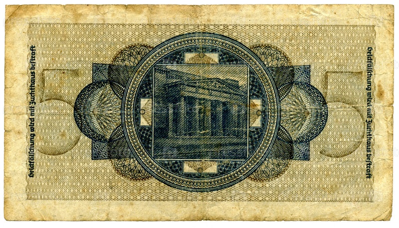 Банкнота достоинством 5 рейхсмарок начала сороковых годов двадцатого века. Германия
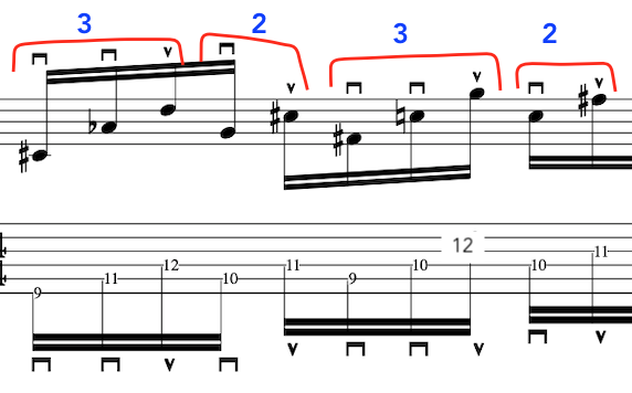 If we look at the patten below we can see the “Down Down Up” Picking pattern:
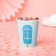 Diese niedlichen personalisierten Papiertassen, die auf die Einladungen unserer beliebten Kinder zur Geburtstagsparty abgestimmt sind, zeichnen sich durch einen hellblauen Popsikel aus, der mit dem Wort "Happy Birthday [Name]" in einem weißen, herzgeschmückten Retro-Buchstaben verziert ist.
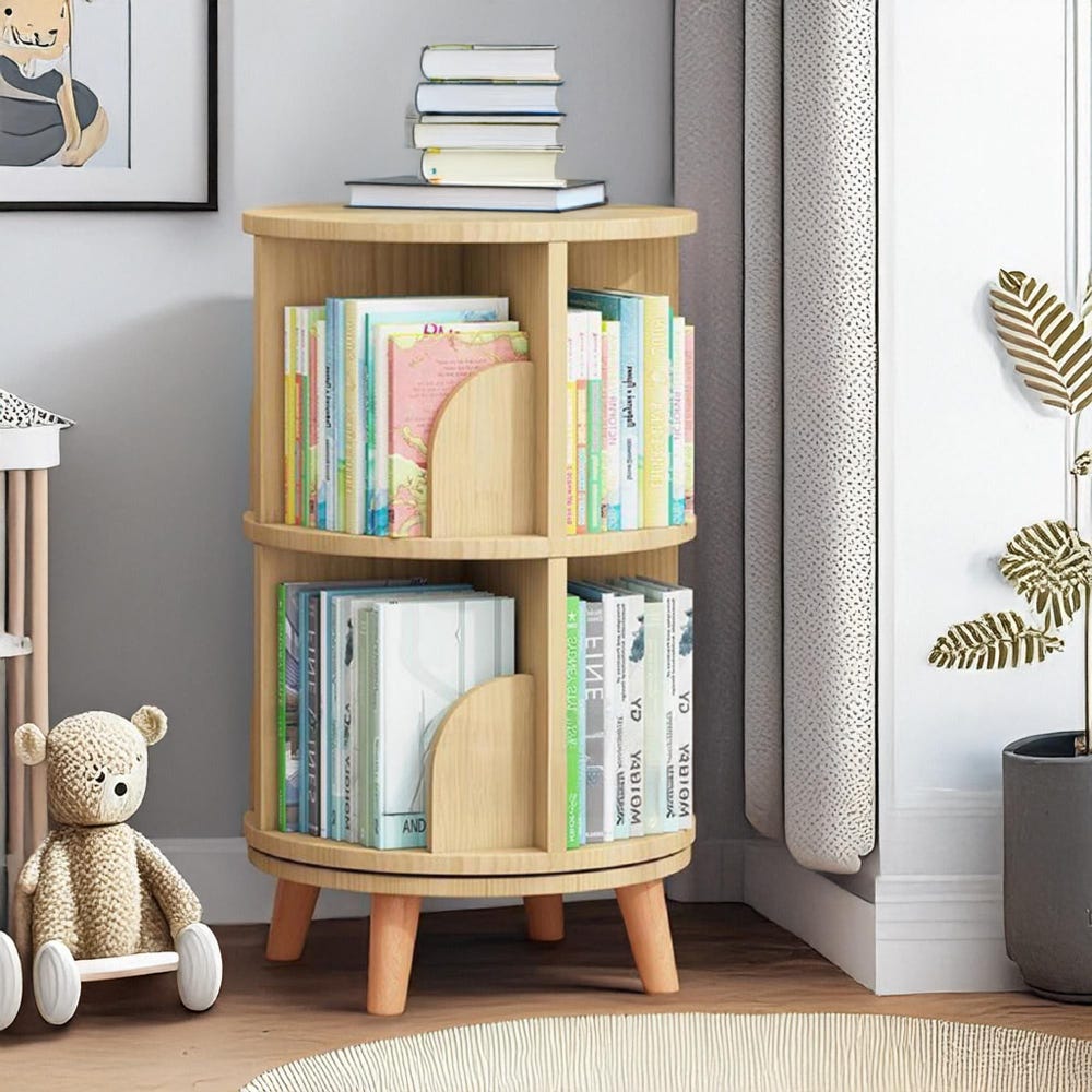 2 Tier 360 Rotating Bookshelf, Solid Wood Bookcase, Toddler Bookshelf, Industrial Bookcase, Wooden Bookshelf, Office Corner Bookcase
══════
Work instruction: Where a picture appears, skip it; repeat everything else in the data exactly.

Solution to the problem:
 Банкнота достоинством 5 рейхсмарок начала сороковых годов двадцатого века. Германия
 If we look at the patten below we can see the “Down Down Up” Picking pattern:
 Diese niedlichen personalisierten Papiertassen, die auf die Einladungen unserer beliebten Kinder zur Geburtstagsparty abgestimmt sind, zeichnen sich durch einen hellblauen Popsikel aus, der mit dem Wort "Happy Birthday [Name]" in einem weißen, herzgeschmückten Retro-Buchstaben verziert ist.
 2 Tier 360 Rotating Bookshelf, Solid Wood Bookcase, Toddler Bookshelf, Industrial Bookcase, Wooden Bookshelf, Office Corner Bookcase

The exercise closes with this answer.